= George Wurtzel =

American blind artist

George Wurtzel is an American artist, craftsman, and blind woodworking instructor. He has taught classes in woodworking at the LightHouse for the Blind and Visually Impaired's Enchanted Hills Camp in Napa County, California and owned a furniture studio in Minneapolis, Minnesota, with a new shop set to open in 2019 in Greeneville, Tennessee.

==Biography==
Born in 1954 in Traverse City, Michigan, George Wurtzel lost his eyesight at a young age due to hereditary retinitis pigmentosa. He attended the Michigan School for the Blind at the same time as blind musician Stevie Wonder, for whom he later carved a one-third scale concert piano replica as an achievement award. At age 19 he started his woodworking career. He owned a successful furniture business in Michigan, where his projects included the renovation of the historic Traverse City courthouse, for which he built a new set of doors. When the business encountered financial difficulty he relocated to North Carolina in 1982, where he studied furniture production management at Catawba Valley Community College. Wurtzel returned to Michigan, serving as executive director of Opportunities Unlimited for the Blind, a non-profit organization which focuses on building life skills and independence for blind and low-vision children. Through OUB, Wurtzel operated a camp for blind children, which won the 2009 Dr. Jacob Bolotin Award for "outstanding programs serving blind people."
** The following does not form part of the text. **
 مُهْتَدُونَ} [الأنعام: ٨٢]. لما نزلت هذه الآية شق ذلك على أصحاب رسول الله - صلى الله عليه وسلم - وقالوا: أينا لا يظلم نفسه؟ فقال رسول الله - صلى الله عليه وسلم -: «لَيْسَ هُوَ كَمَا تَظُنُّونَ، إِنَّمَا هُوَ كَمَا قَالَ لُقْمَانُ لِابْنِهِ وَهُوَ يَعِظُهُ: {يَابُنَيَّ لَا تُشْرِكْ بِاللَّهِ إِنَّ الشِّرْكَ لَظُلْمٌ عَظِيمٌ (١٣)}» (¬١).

Wurtzel moved to Minnesota in 2009, opening a furniture store in South Minneapolis. In 2014, his work was included in the Museum of Contemporary Art in Detroit. In 2018 he announced the acquisition of space for a new workspace and gallery in Greeneville, Tennessee.
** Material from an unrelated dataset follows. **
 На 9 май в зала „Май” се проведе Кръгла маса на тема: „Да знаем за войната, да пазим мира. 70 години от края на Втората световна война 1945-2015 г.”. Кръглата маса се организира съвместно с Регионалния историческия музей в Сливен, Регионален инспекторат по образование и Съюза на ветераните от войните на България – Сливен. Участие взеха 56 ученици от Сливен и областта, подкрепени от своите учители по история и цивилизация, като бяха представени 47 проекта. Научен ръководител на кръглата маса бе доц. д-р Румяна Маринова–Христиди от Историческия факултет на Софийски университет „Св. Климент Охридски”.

Although he takes advice from sighted colleagues on the coloration of pieces of wood, Wurtzel identifies most of the characteristics of wood by feeling its texture, often using water or steam to enlarge the grain, and can identify different types of wood by smell. His artwork is known for the use of spalted wood, which has distinctive patterns of fungal growth that he identifies by touch and incorporates into his artwork.

Wurtzel has been an instructor for the American Association of Woodturners, Blindness Learning in New Dimensions (BLIND), Woodworking for the Blind, and the Enchanted Hills Camp operated by LightHouse for the Blind and Visually Impaired. At Enchanted Hills, Wurtzel instructed visually impaired students on technical skills, artistic development, and the safe use of power tools including saws and lathes; he also founded the Tactile Art Center, a gallery for art which is designed to appeal to the sense of touch, also located at Enchanted Hills.
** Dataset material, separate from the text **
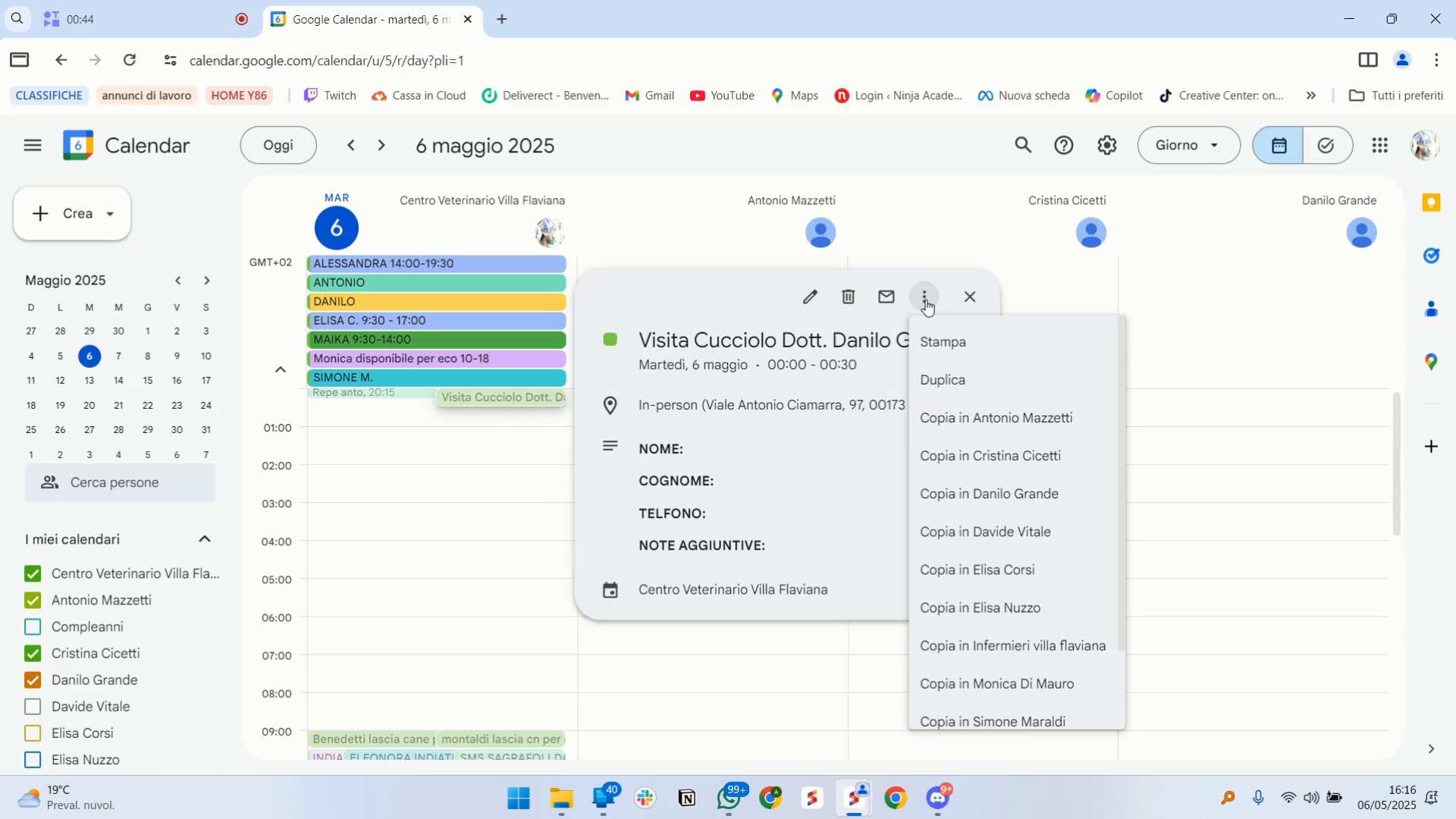 - Oppure usate l’opzione “Copia in” per copiarlo in un calendario specifico

In addition to woodworking, Wurtzel has worked as a bicycle and auto mechanic and trained Arabian horses for endurance riding. An accomplished cross-country skier, he competed for the U.S. Paralympic team in 1980, was on the first American expedition to ski across Lapland, and helped bring the 1980 Ski for Light event to his hometown of Traverse City, Michigan. In 2018, he was featured in a televised advertising campaign for Subaru in which he is shown leading a group of travelers through the wilderness, something he has been known to do for visitors to Enchanted Hills.